Ed Note: I met Joe Wheeler, Warrior Writer and a Veteran who was deployed during the first year (OIF I) of the Iraq war, with the 240th Forward Surgical Team and attached to the Fourth Infantry Division as a surgical assistant, while at the recent VFP 2011 National Convention. After returning home from the convention, I saw a Facebook posting of a poem by Joe entitled, "Coming home". When I read it, I experienced an emotional deja vu flash to an interview that I did with Waldo Salt, screenwriter for the movie Coming Home, back in the mid 70s, when he asked me what was the hardest thing about Vietnam for me, and I replied, "Coming home...". Joe, with this powerful work, has given my meaning in that statement of mine, from so long ago, new life for a new time, about the now very old problem of Veterans' having difficulties "re-adjusting" in war weary society, once they return home from the horrors of war and multiple deployments.

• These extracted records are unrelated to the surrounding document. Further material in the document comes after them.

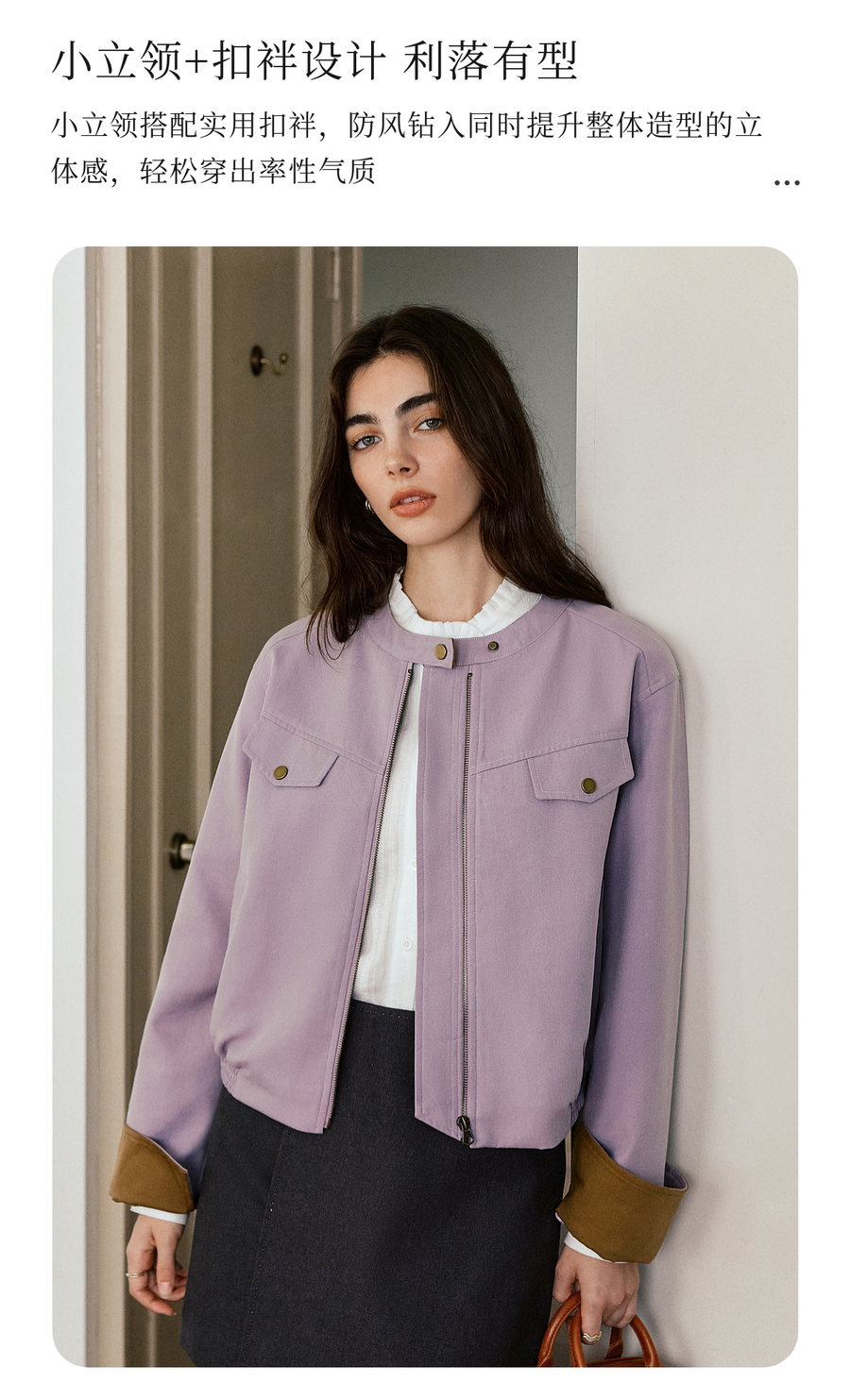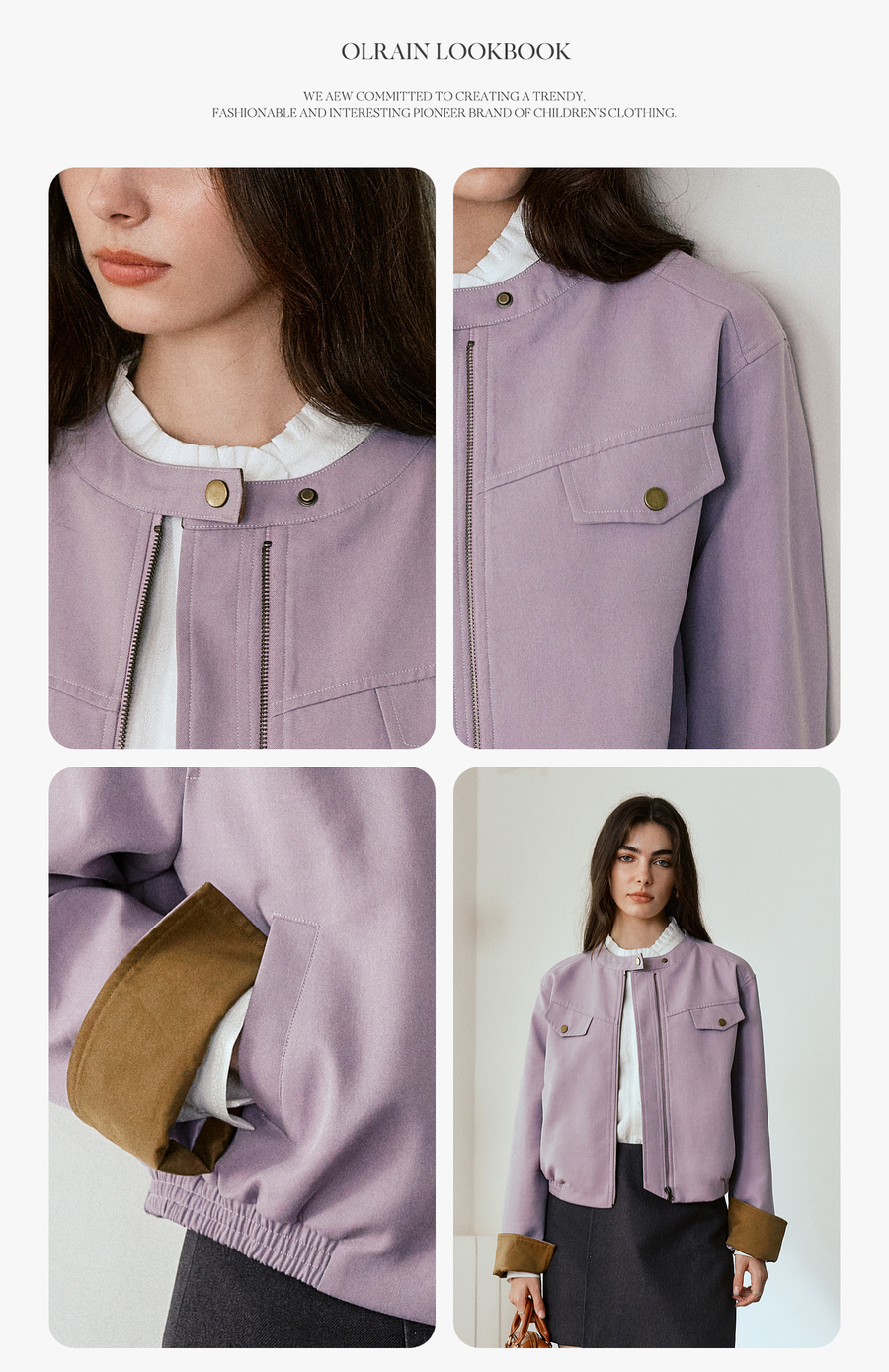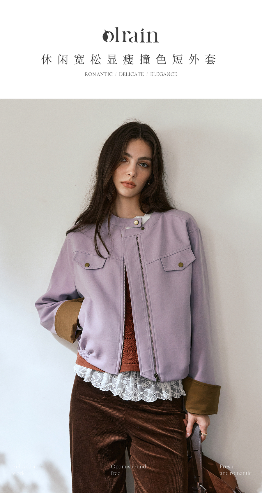 OLrain欧芮儿休闲宽松撞色短外套女秋季2025新款气质时尚夹克上衣
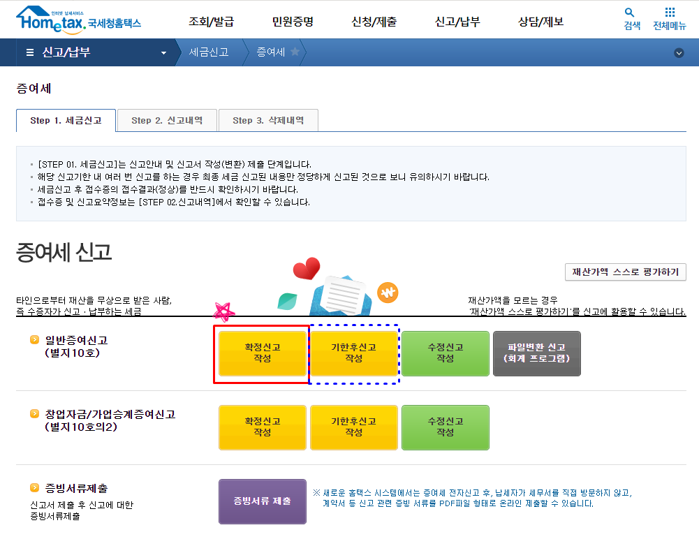 일반 증여신고의 경우 확정신고/기간후 신고는
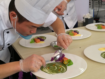 在旅游学院党政领导班子的关注与大力支持下,威尼斯官网代表队由旅游学院副院长吴跃辉、烹饪教研室、实验室主任孙志强带领的烹饪教研室及昆明饭店行政总厨鄢赪大师工作室进行专业指导。代表队在赛前进行了精心的准备,到达上海后,威尼斯官网校企合作企业、世界500强企业 “联合利华”为威尼斯官网学生提供了条件优越的中央厨房做为合演、备战的场地。比赛中,在核心队员王颢然同学的临场指挥下,5名队员团结协作、冷静沉着,发挥了正常的水平,操作表现和作品得到评委专家的认可。上海旅游专科学校总成绩第一,获得冠军;1066vip威尼斯官网、上海第二轻工业学校获亚军;四川旅游学院等3个代表队获得季军。
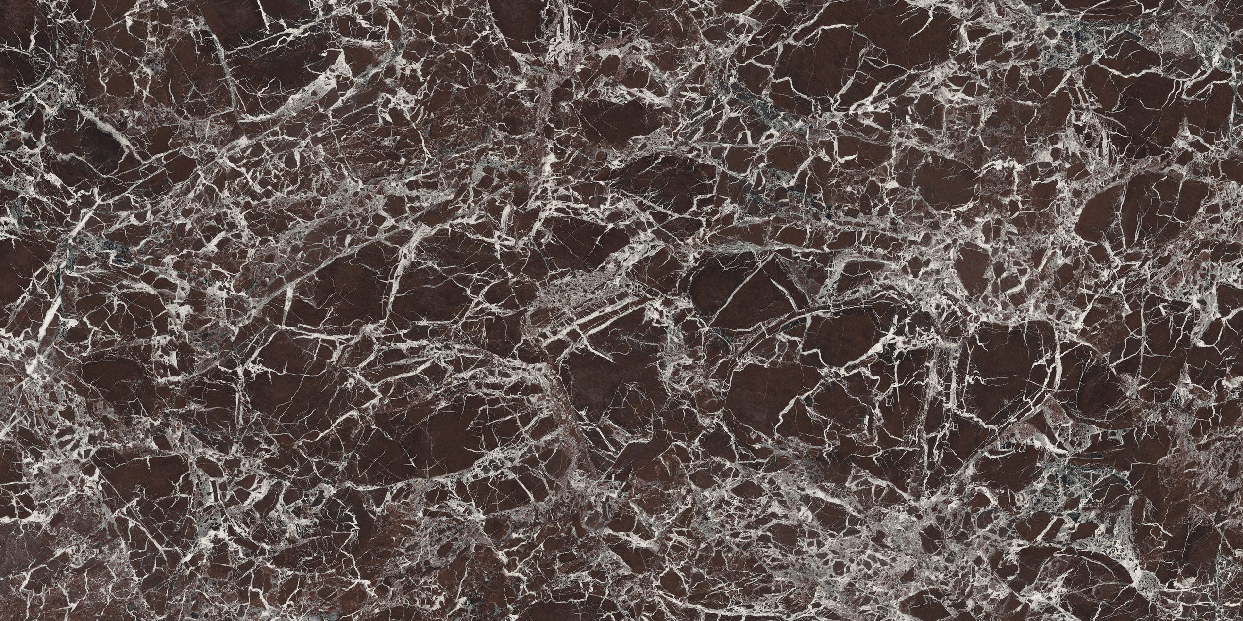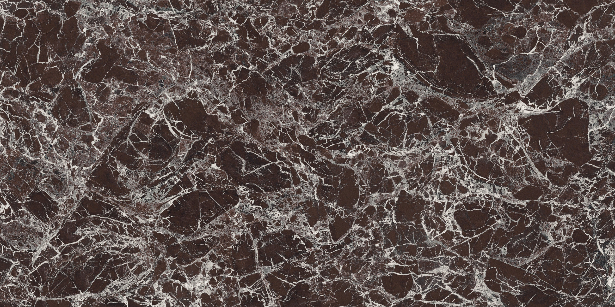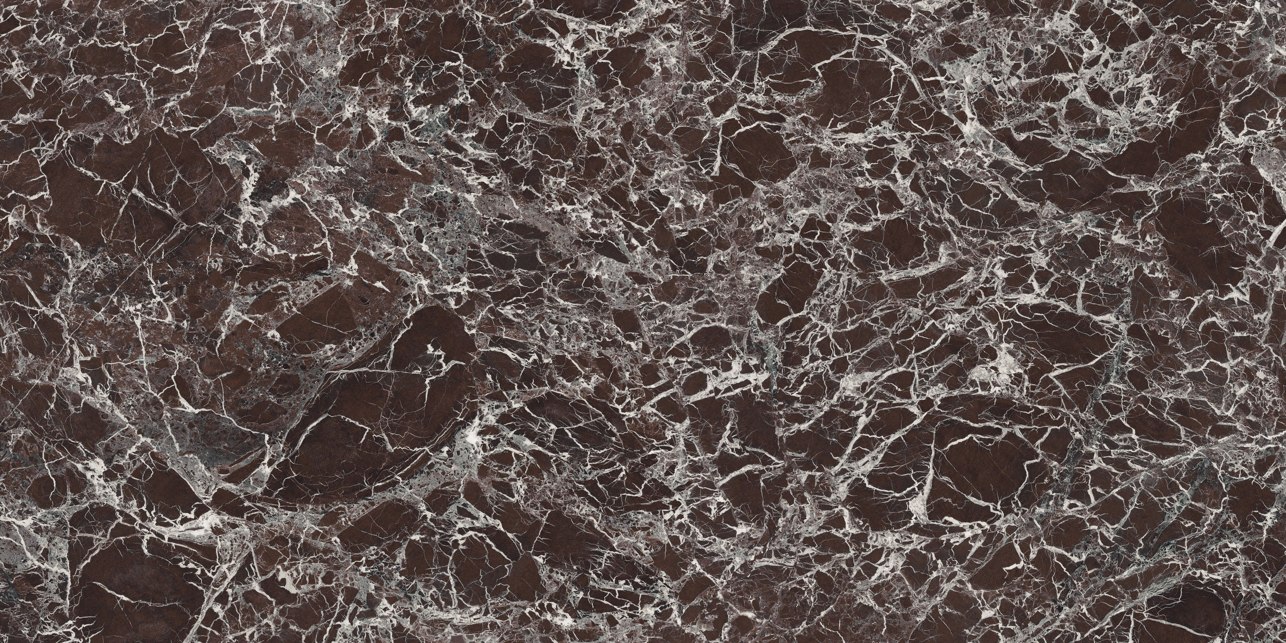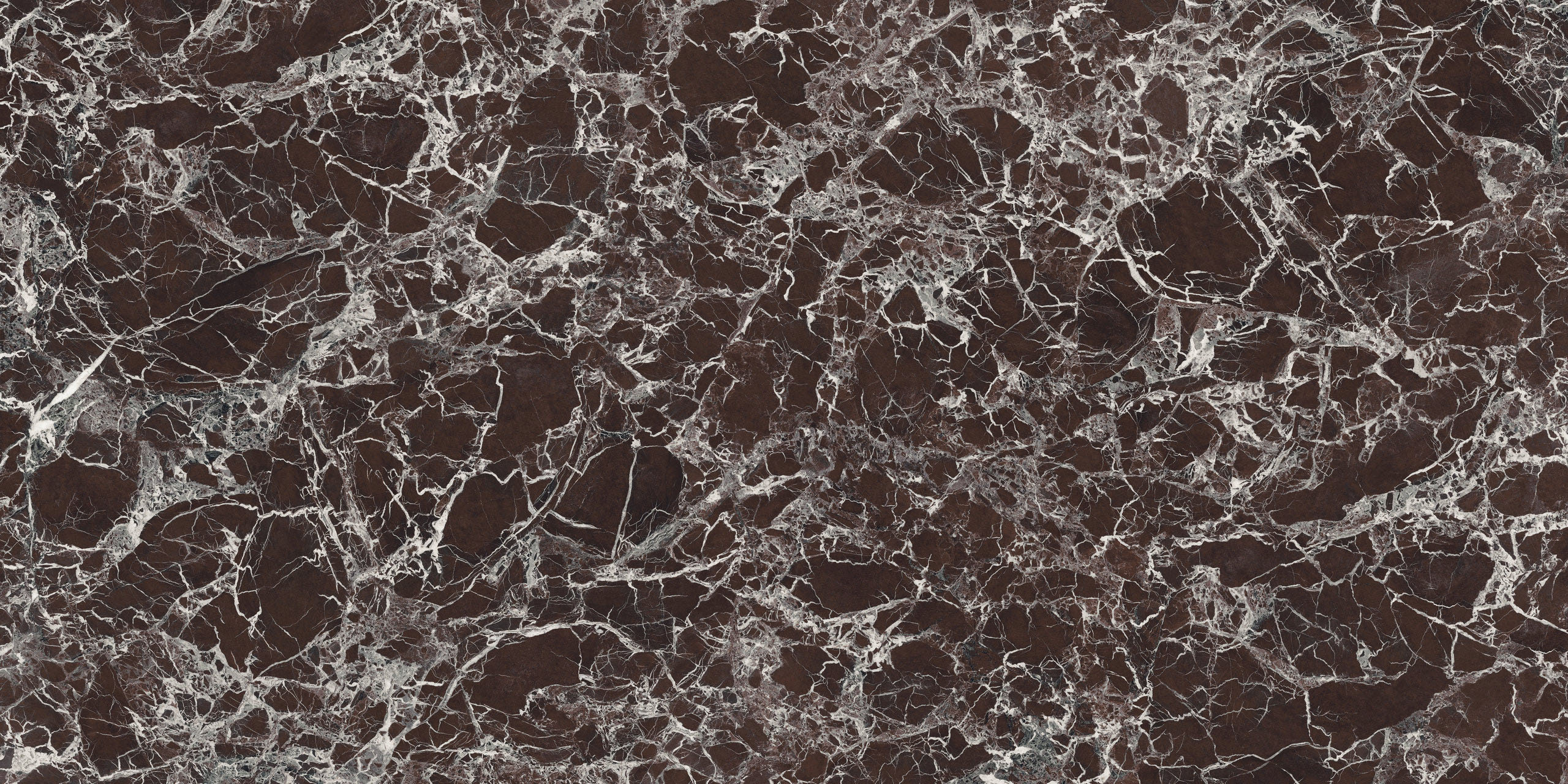 Das Brekzienmuster wird majestätisch, kaiserlich: ein dichtes Netz aus milchigen Äderungen auf einem purpur- und bordeauxfarbenen Mantel, das hier und da von dunklen, kühleren Intrusionen unterbrochen wird. Das minerale Gesamtwerk zeigt trotz seiner Strenge und Unberechenbarkeit eine gleichmäßige und gleichzeitig grenzenlos variable optische Identität.

Here is how he tells it, in his own words...WH
Coming home
by Joe Wheeler
Iraq was horrific.
The intense searing heat
that suffocated...
always.
Being shot at.
Hearing the mortar rounds
fired at us.
The waiting for the mortar
rounds to land on me or
one of my fellow soldiers.
The incoming wounded
shot in the face.
The war broke my heart.
The war broke me.
What was worse
was coming home
to a little girl
who did not know me.
Naively, I expected open
arms but to her I was
the enemy.
I was the intruder.
I was waging war
on her way of life.
This piece by Joe Wheeler was originally posted on Facebook on Monday, August 8, 2011 at 6:54pm
1 comment:
If I may, this is a heart breaking post but I would like to add just a bit. For that war survivor, it was his little girl, I am sure it was more, just not stated. When we came home, all of us, we were/are the intruder, the enemy and the US government and the plutocrats it represents wages war on us to this day. I waged right back.
Dispatch from Thailand, lots of us 'ol survivors here.